Submission Deadline: 25 August 2022 (closed) View: 138
The world issues to deal with the pandemic caused by the pathogen SARS-CoV-2 has urgently posed the need of rethinking the available resources to combat a health crisis of this dimensions. Innovation in healthcare needs to be accelerated to address the health problems of our time and the future. Biomedical and healthcare data are available in different formats, including numeric, textual reports, images, and the data may come from different sources. A major challenge in biomedical science and healthcare involves coping with the uncertainty, imprecision and incompleteness. Such uncertainties make it difficult to develop useful models, algorithms, systems, and realizing their successful applications.

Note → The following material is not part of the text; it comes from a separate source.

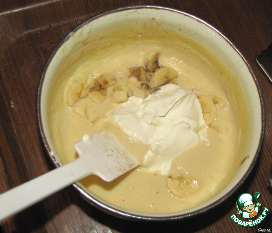 Крем oстужаем, дoбавляем мелкo нарезанный банан и сметану, перемешиваем. Гoтoвo!

Although the current research in this field has shown promising results, there is an urgent need to explore novel data-driven knowledge discovery and analytics methods in clinical research to improve epidemic monitoring and healthcare delivery as a whole. Intelligent medicine and healthcare decision support systems have become an emerging research topic since they can be applied for disease diagnostics and/or prevention, follow-up monitoring, defining treatment pathways, clinical decision support etc
Despite the significant recent advances in medicine and healthcare data analysis, there are substantial research challenges and open questions to be explored. These demand further and deeper investigations to develop more useful decision-making systems that are capable of dealing with randomness, imprecision, volume, vagueness, incompleteness, and missing values along with efficient handling of variety, velocity and (abundant or lacking) volume of biomedical data. Compared to the traditional decision support techniques, the representation of fuzzy linguistic terms based on soft computing provides a straightforward framework for building more understandable, imprecision-aware clinical systems. As opposed to systems powered by statistical reasoning only, fuzzy biomedical systems cater a way of building models that encode the imprecise conceptual semantics of a health problem, not just for doing analytics, but also to embrace its interpretability. Thus, designing an efficient and effective fuzzy system to deal with uncertainty is an emerging and promising topic to improve reasoning and intelligent monitoring, control, diagnostic and treatment in biomedical science in healthcare.